[WHAT THIS TASK INVOLVES] When you reach the line containing "I just finished" in the entries below, begin reproducing lines exactly, and stop once the line containing "Standard 2.4 Ramowy" is done.

::: MATERIAL FOR THIS EXERCISE :::

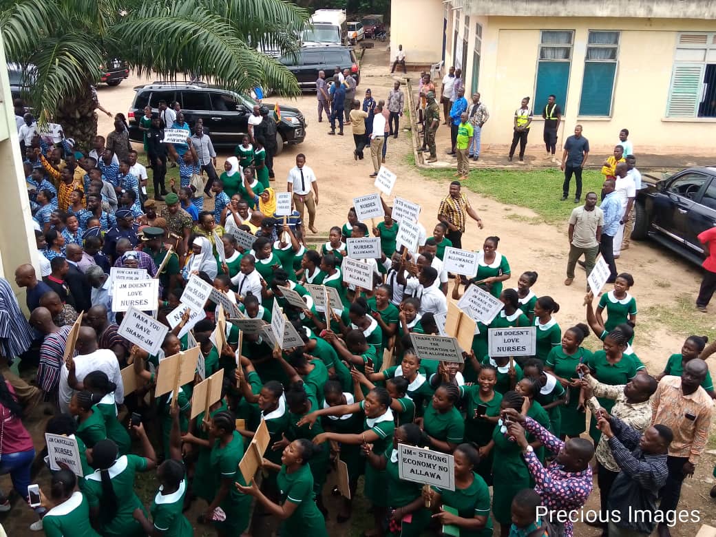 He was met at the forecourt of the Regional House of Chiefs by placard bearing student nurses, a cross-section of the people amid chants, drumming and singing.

:::
::: MATERIAL FOR THIS EXERCISE :::

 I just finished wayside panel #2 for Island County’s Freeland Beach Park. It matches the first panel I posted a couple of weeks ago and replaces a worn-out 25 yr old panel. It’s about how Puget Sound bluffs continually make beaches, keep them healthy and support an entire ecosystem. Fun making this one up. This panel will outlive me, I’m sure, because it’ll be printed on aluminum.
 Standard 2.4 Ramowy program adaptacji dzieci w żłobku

:::

[PROBLEM SOLUTION]
 I just finished wayside panel #2 for Island County’s Freeland Beach Park. It matches the first panel I posted a couple of weeks ago and replaces a worn-out 25 yr old panel. It’s about how Puget Sound bluffs continually make beaches, keep them healthy and support an entire ecosystem. Fun making this one up. This panel will outlive me, I’m sure, because it’ll be printed on aluminum.
 Standard 2.4 Ramowy program adaptacji dzieci w żłobku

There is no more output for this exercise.